# WORK INSTRUCTION
In the material below, find the line containing "Die Instrumentengondel war" and the line containing "- Їжте здорові". Output those two lines and all lines between them exactly, without pictures.

# INPUT DATA
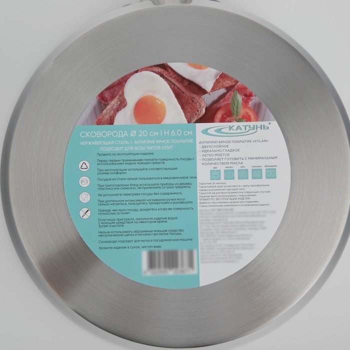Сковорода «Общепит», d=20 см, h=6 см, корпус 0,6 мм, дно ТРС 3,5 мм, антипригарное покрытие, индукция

...

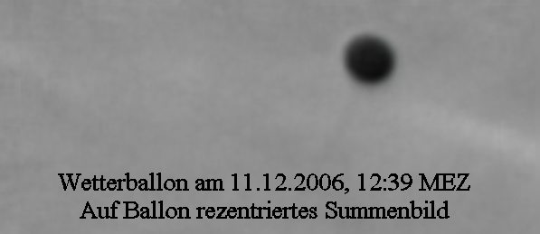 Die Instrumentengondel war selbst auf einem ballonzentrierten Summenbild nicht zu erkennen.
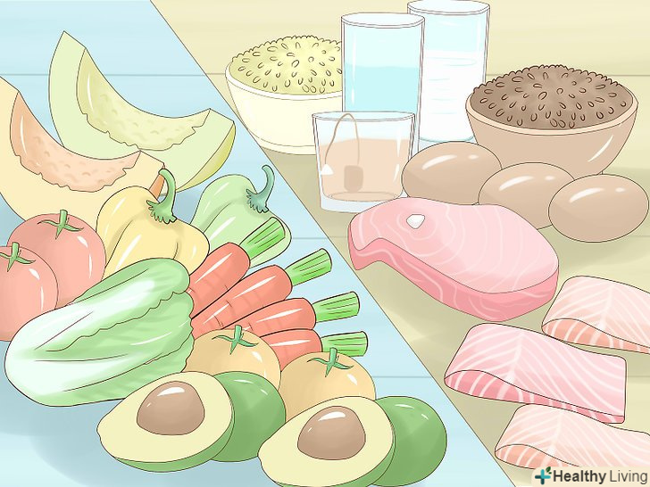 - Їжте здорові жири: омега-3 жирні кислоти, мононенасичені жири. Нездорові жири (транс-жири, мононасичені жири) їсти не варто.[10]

# PROBLEM SOLUTION
 Die Instrumentengondel war selbst auf einem ballonzentrierten Summenbild nicht zu erkennen.
 - Їжте здорові жири: омега-3 жирні кислоти, мононенасичені жири. Нездорові жири (транс-жири, мононасичені жири) їсти не варто.[10]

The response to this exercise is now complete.